Top of Data section
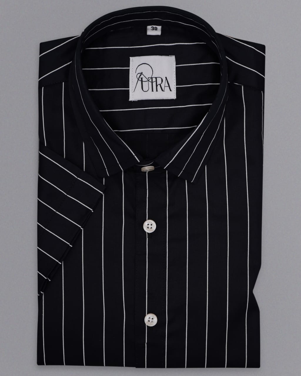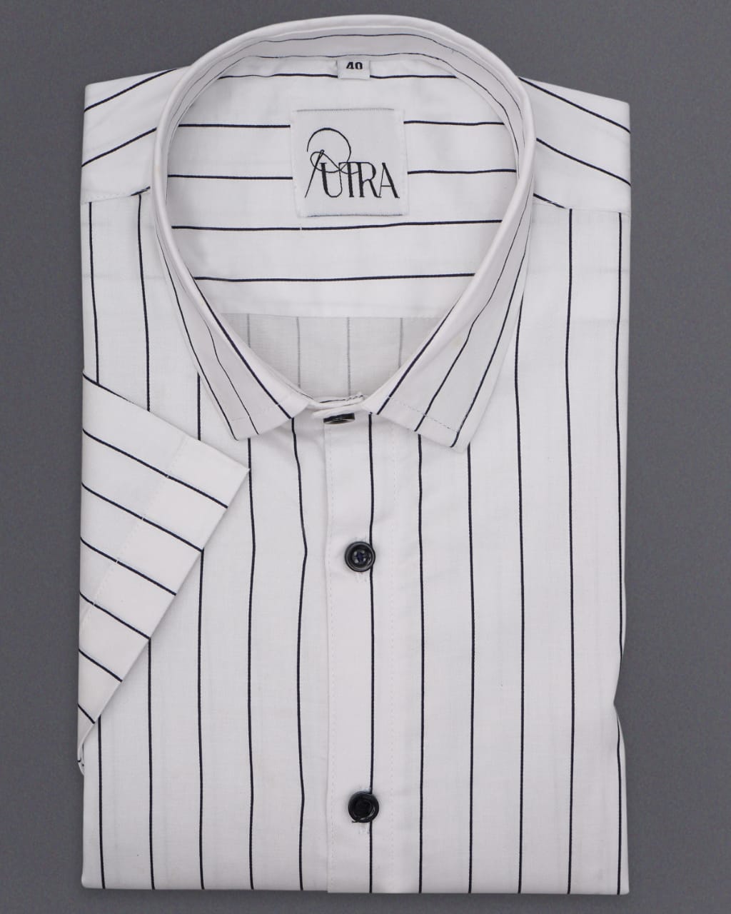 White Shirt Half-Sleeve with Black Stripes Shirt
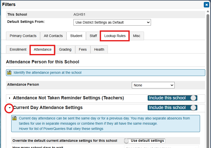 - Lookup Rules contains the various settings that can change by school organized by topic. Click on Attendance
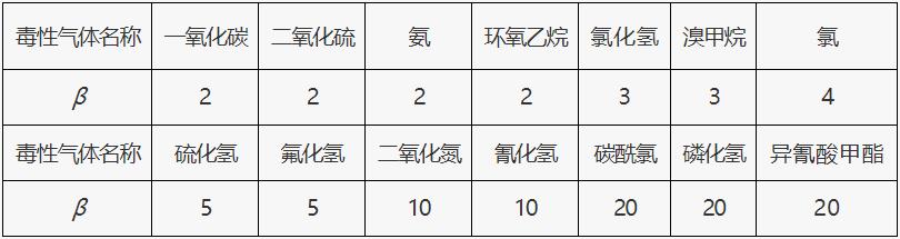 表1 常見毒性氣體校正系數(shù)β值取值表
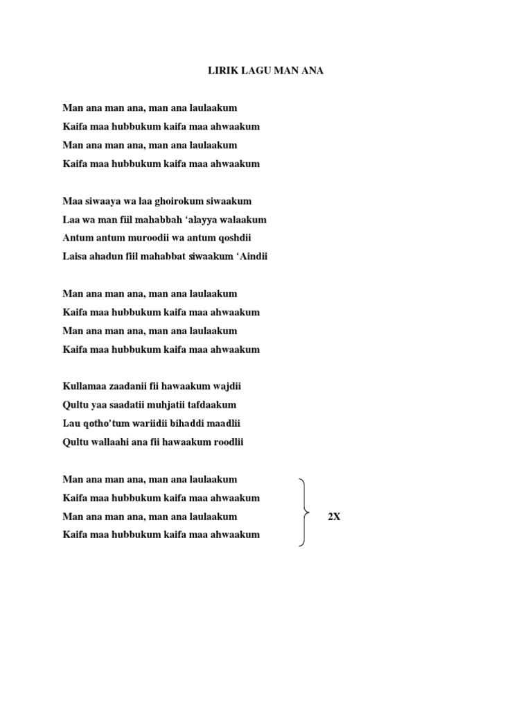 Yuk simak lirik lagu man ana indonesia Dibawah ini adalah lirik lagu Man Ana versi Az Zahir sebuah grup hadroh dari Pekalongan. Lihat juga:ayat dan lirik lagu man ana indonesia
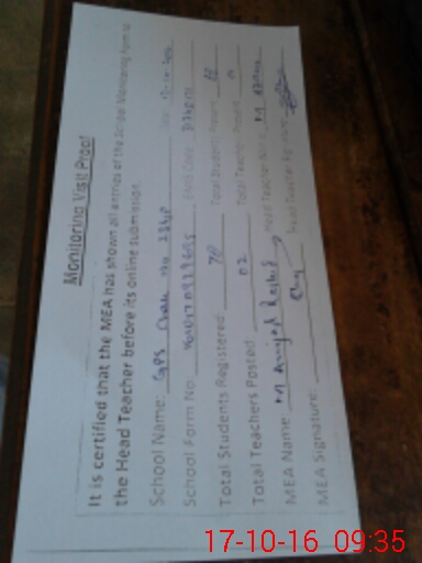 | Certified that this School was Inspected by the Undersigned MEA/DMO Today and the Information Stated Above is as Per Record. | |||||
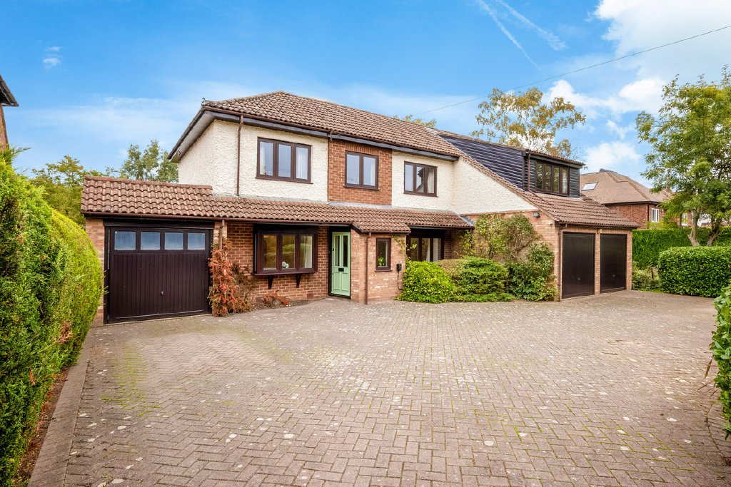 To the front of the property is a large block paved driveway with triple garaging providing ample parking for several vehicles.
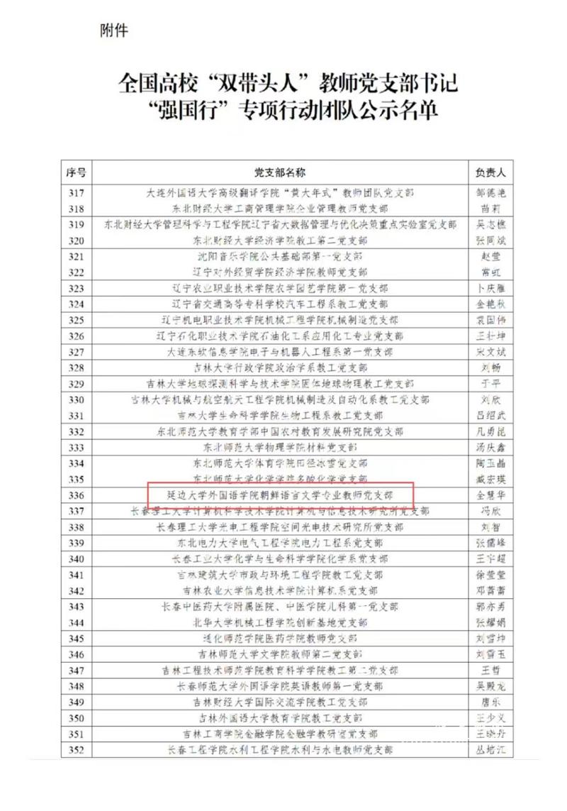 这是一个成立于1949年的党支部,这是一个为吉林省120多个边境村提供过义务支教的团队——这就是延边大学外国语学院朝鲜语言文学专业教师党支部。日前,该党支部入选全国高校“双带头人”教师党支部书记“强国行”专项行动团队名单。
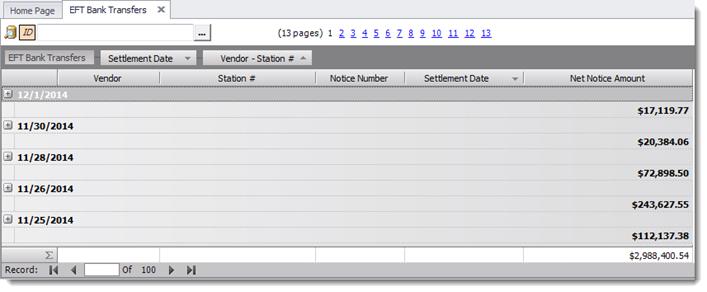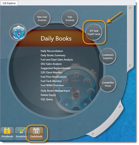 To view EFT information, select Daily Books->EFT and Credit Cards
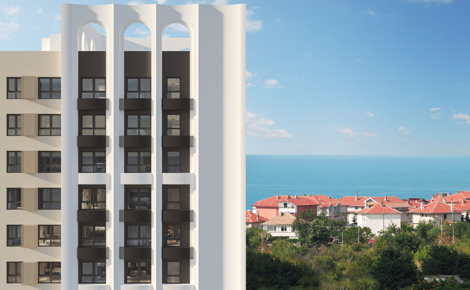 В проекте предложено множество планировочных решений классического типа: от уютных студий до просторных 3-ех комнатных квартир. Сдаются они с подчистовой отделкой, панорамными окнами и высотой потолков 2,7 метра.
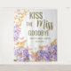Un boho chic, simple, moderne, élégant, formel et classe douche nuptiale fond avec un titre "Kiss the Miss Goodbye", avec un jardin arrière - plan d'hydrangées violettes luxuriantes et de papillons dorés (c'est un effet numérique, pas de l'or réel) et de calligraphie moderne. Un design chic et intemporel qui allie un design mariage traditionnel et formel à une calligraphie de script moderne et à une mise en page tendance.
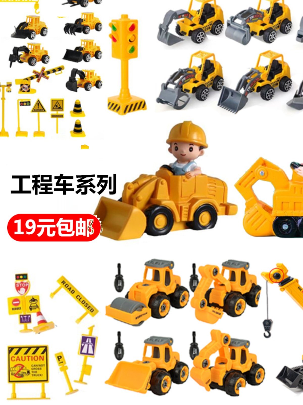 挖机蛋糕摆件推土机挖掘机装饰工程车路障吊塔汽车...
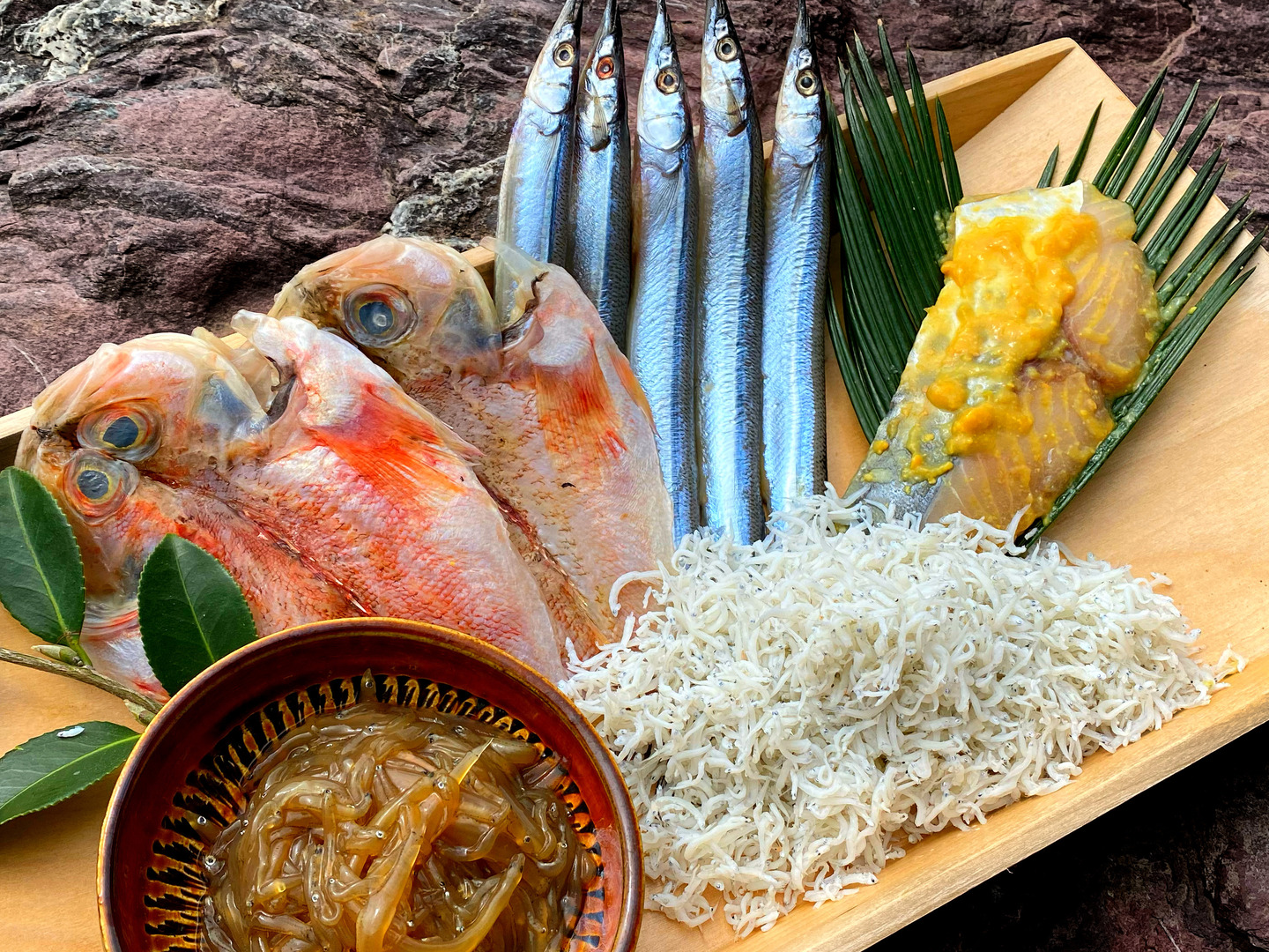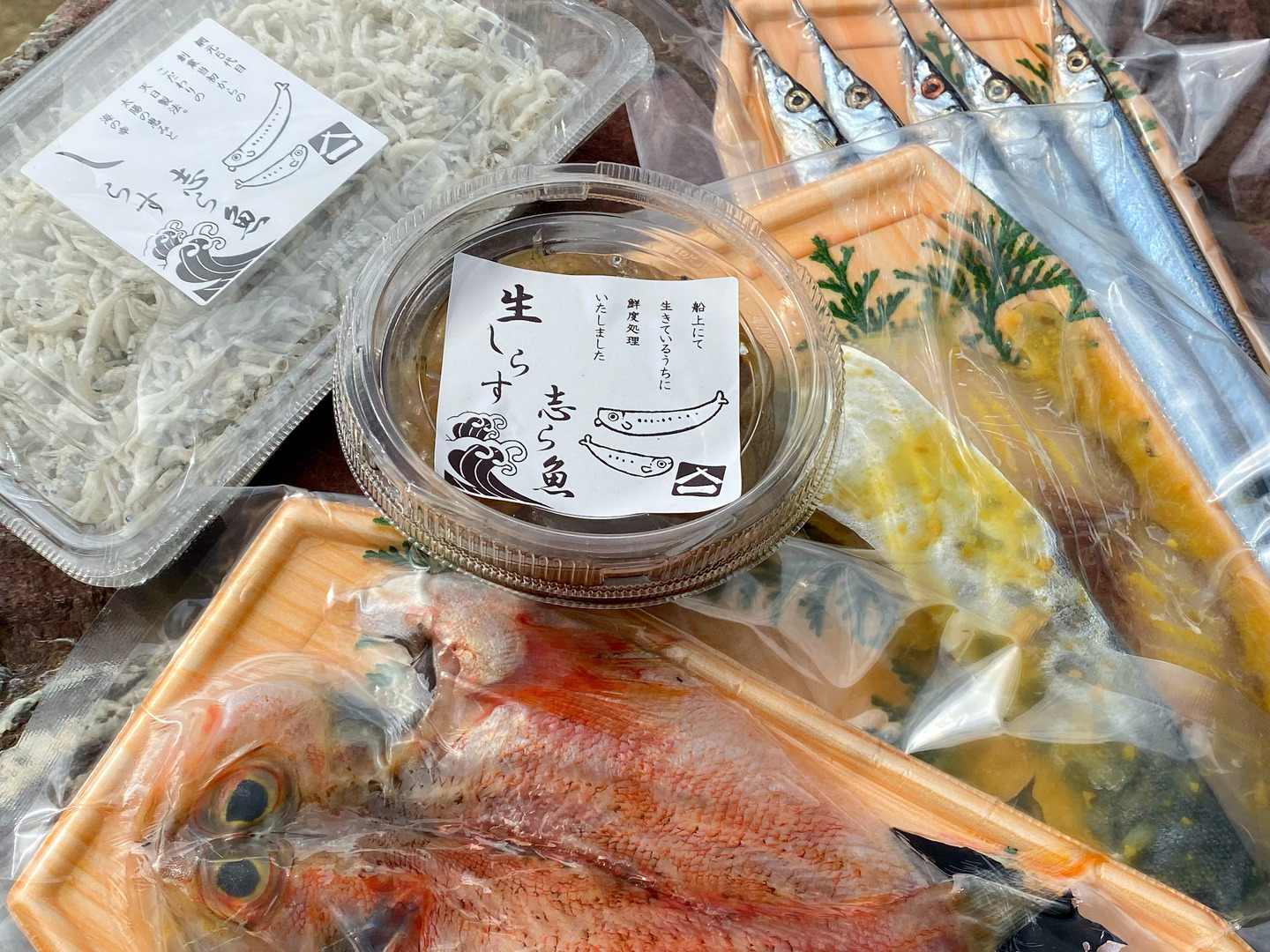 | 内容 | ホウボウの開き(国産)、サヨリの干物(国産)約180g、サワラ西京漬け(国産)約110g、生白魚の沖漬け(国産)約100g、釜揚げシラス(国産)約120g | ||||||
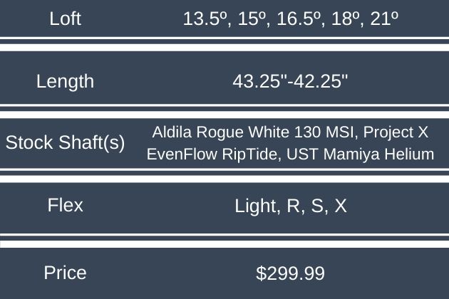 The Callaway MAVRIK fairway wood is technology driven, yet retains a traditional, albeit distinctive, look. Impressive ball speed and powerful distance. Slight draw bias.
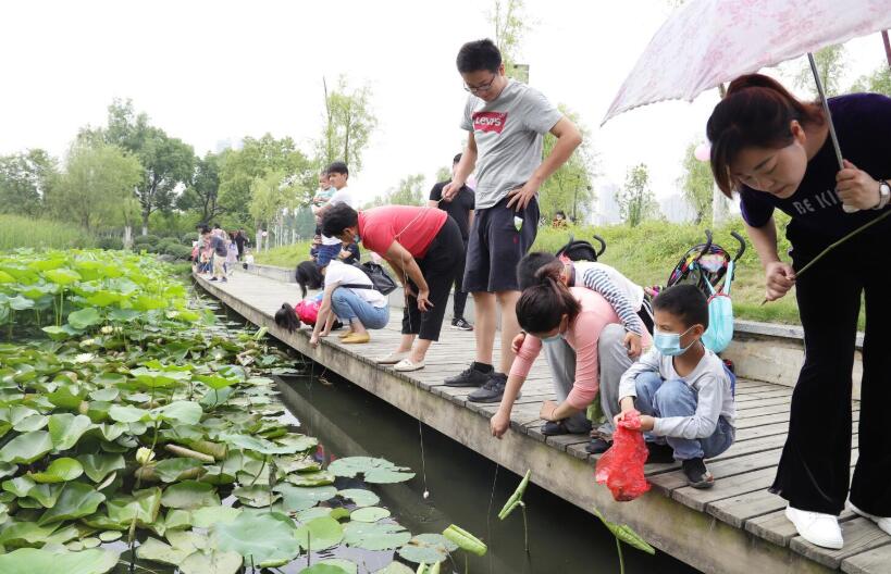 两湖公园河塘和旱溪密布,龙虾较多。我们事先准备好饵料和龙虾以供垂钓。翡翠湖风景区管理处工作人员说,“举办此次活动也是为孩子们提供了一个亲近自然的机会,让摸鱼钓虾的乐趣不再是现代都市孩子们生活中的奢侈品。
Bottom of Data section
Copy the data word for word. Pictures do not go in the copy.

 White Shirt Half-Sleeve with Black Stripes Shirt
 - Lookup Rules contains the various settings that can change by school organized by topic. Click on Attendance
 表1 常見毒性氣體校正系數(shù)β值取值表
 Yuk simak lirik lagu man ana indonesia Dibawah ini adalah lirik lagu Man Ana versi Az Zahir sebuah grup hadroh dari Pekalongan. Lihat juga:ayat dan lirik lagu man ana indonesia
 | Certified that this School was Inspected by the Undersigned MEA/DMO Today and the Information Stated Above is as Per Record. | |||||
 To the front of the property is a large block paved driveway with triple garaging providing ample parking for several vehicles.
 这是一个成立于1949年的党支部,这是一个为吉林省120多个边境村提供过义务支教的团队——这就是延边大学外国语学院朝鲜语言文学专业教师党支部。日前,该党支部入选全国高校“双带头人”教师党支部书记“强国行”专项行动团队名单。
 To view EFT information, select Daily Books->EFT and Credit Cards
 В проекте предложено множество планировочных решений классического типа: от уютных студий до просторных 3-ех комнатных квартир. Сдаются они с подчистовой отделкой, панорамными окнами и высотой потолков 2,7 метра.
Un boho chic, simple, moderne, élégant, formel et classe douche nuptiale fond avec un titre "Kiss the Miss Goodbye", avec un jardin arrière - plan d'hydrangées violettes luxuriantes et de papillons dorés (c'est un effet numérique, pas de l'or réel) et de calligraphie moderne. Un design chic et intemporel qui allie un design mariage traditionnel et formel à une calligraphie de script moderne et à une mise en page tendance.
 挖机蛋糕摆件推土机挖掘机装饰工程车路障吊塔汽车...
 | 内容 | ホウボウの開き(国産)、サヨリの干物(国産)約180g、サワラ西京漬け(国産)約110g、生白魚の沖漬け(国産)約100g、釜揚げシラス(国産)約120g | ||||||
 The Callaway MAVRIK fairway wood is technology driven, yet retains a traditional, albeit distinctive, look. Impressive ball speed and powerful distance. Slight draw bias.
 两湖公园河塘和旱溪密布,龙虾较多。我们事先准备好饵料和龙虾以供垂钓。翡翠湖风景区管理处工作人员说,“举办此次活动也是为孩子们提供了一个亲近自然的机会,让摸鱼钓虾的乐趣不再是现代都市孩子们生活中的奢侈品。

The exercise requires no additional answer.